What needs to be done — The expected answer is the set of lines in the data below between the line holding "Pemain Timnas Argentina, Lisandro" and the line holding "Letní klobouk se", inclusive, written out exactly.

Data —
■ ■ ■ ■ ■ ■ ■
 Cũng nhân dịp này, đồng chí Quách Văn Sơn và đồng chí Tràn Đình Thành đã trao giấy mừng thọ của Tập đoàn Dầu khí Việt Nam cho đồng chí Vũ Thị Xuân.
■ ■ ■ ■ ■ ■ ■
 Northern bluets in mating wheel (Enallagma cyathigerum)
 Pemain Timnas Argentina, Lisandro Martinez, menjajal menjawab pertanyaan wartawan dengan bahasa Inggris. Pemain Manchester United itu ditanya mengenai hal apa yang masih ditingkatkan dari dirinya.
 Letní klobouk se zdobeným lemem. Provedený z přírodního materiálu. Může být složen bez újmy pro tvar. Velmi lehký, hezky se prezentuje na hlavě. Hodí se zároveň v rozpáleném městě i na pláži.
■ ■ ■ ■ ■ ■ ■
Answer to the exercise —
 Pemain Timnas Argentina, Lisandro Martinez, menjajal menjawab pertanyaan wartawan dengan bahasa Inggris. Pemain Manchester United itu ditanya mengenai hal apa yang masih ditingkatkan dari dirinya.
 Letní klobouk se zdobeným lemem. Provedený z přírodního materiálu. Může být složen bez újmy pro tvar. Velmi lehký, hezky se prezentuje na hlavě. Hodí se zároveň v rozpáleném městě i na pláži.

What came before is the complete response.